2018-04-05 / News

Developer has until late May to pick up permits

By Abigail Worthing Staff Writer

BIDDEFORD– Construction has started on the sidewalk and fence in front of Lincoln Mill, and while city officials say it’s part of a larger plan to work on Lincoln Street, it brings the recurring question downtown: When will development on the Lincoln Mill begin?

In September of last year, LHL Holdings LLC (formerly known as Atlantic Holding, LLC) filed a joint development agreement with the city of Biddeford for the Lincoln Mill project. The project was first proposed in 2014 and is now slated to be complete by July 2020.

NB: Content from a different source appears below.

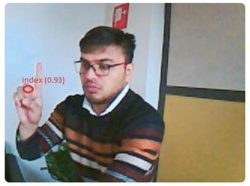In this project, we have built a developed recognition model based on a FOMO algorithm. The result shows that the accuracy of the proposed algorithm on a TinyML device is up to 87.8%. However, since the proposed method’s effectiveness is low, the gesture dataset is insufficient. As a result, we can improve the accuracy of recognition and detection steps with more data and classes.Reference

The Biddeford City Council amended the September joint development deal on March 21, granting an extension to LHL and developer Tim Harrington. LHL was forced to reassess and get a new property appraisal this fall after possible tax reform left its Historical Tax Credit status unsure. In the final version of the tax legislation signed on Dec. 22 by President Donald Trump, the legislation retained the 20 percent tax credit for buildings built before 1936 but requires the credit be taken over the course of five years. The prospect of losing the Historical Tax Credit left the project in the air temporarily, and by the time the credit was reinstated, the previous appraisal for the property was too old to secure financing. This required LHL to apply for an extension while waiting for a new appraisal, which can take between 12 and 16 weeks. The most recent appraisal values the property at $2.1 million. LHL Holding purchased the property (as Atlantic Holdings LLC) on Jan. 16, 2015 for $2.5 million. LHL is expected, per the agreement, to invest $40 million into the project.

As part of the joint agreement, the city agreed that it would make improvements to the area in correlation with LHL’s development. Among these developments is to make (or have made) road improvement to both Main and Lincoln streets and to rebuild the sidewalk along Lincoln Street. Also included was the agreement to repair the retaining wall on Lincoln Street. In the past there have been disputes over the ownership of the fence, retaining wall and sidewalk, and while City Manager James Bennett was unsure of the property ownership, the city engineering office confirmed that the fence and retaining wall are both part of the mill and owned by the developer.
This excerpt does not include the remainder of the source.